Себастьян Жапризо - Убийственное лето
Понимаю, это не облегчит мою защиту, но я должен рассказать: отпилить ствол карабина я решил не на следующий день, а в тот вечер, в четверг 5 августа. Карабин нельзя ведь уложить в обычный чемодан, вылезал бы он и из-под куртки или пиджака. Но, главное, я твердо решил стрелять с близкого расстояния, чтобы видеть их подлые рожи, чтобы видеть, как эти гады будут умирать. Голову даю на отсечение – все именно так.
8
В пятницу, в середине дня – в минувшую пятницу, значите после того как я сходил к Еве Браун узнать, не вернулась ли Эна, – я вывел «делайе» из гаража. И сказал Анри Четвертому: «Извини, что бросаю тебя, но мне надо кое-куда съездить». Вздохнув, он только покачал головой.
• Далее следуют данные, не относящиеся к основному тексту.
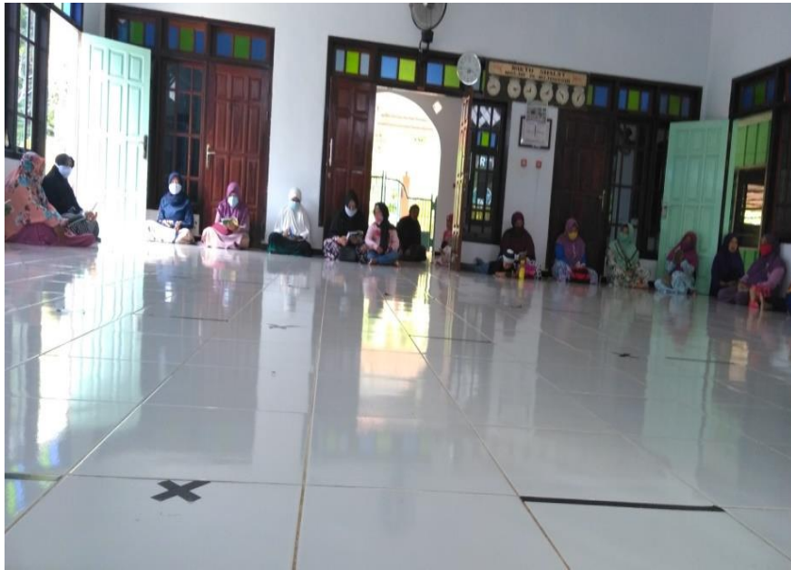
Kegiatan IRMA sebelum pandemi covid-19

Для виду, чтобы выглядеть хозяином, – он ведь никогда не сердится на меня.
Я незаметно доехал до города. Показал свою машину Тессари и его приятелям. Мы обмыли ее в лавке. Затем Тессари сел за руль и прокатился один по дороге в Пюже-Тенье, а возвратившись, сказал: «Не подгоняй ее, пусть обкатается, она как новенькая». И пригласил меня к себе пообедать. Но есть не хотелось, и я ответил, что занят. Доехал до Анно, затем до Баррема. Сначала еще прислушивался к мотору, но тот ровно урчал, и я перестал обращать на него внимание. Я не собирался ехать в Динь и помчался на юг к Шаторедону, а вернулся через Кастеллан. Пересекая там плотину, я остановился у киоска и купил бутерброд. Немного побродил под солнцем. В голове была каша. На озере скопилось много отдыхающих, и, когда мне на глаза попадалась черноволосая девушка, я невольно ускорял шаг.
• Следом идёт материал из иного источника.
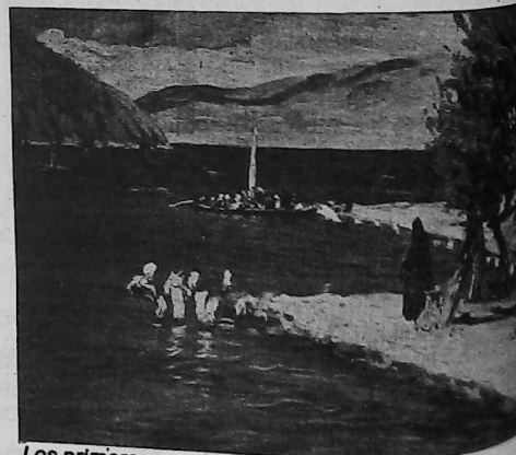
Los primeros peregrinos

En 1919, realiza una exposición en Constantinopla, y

В деревню я добрался к концу дня. Не успел вылезти из машины, как увидел бегущую мне навстречу Жюльетту. Она сказала: «Тебя ищут повсюду. Анри повез твою тещу к автобусу, а может, и на поезд, не знаю». И поглядела на меня с сочувствием. Я понял, что она заготовила эти слова впрок, но когда я оказался рядом, произнести их стало не так просто. Я спросил: «Ее нашли?». Я ужасно боялся, что ее нет в живых. Жюльетта ответила: «Она в марсельской больнице Нам звонила мадемуазель Дье из Брюске». Я повторил: «В Марселе? В больнице?». Жюльетта посмотрела на меня с искренним сочувствием и сказала: «Она жива, но дело не в этом. Она там с субботы, но только сегодня дознались, откуда она приехала».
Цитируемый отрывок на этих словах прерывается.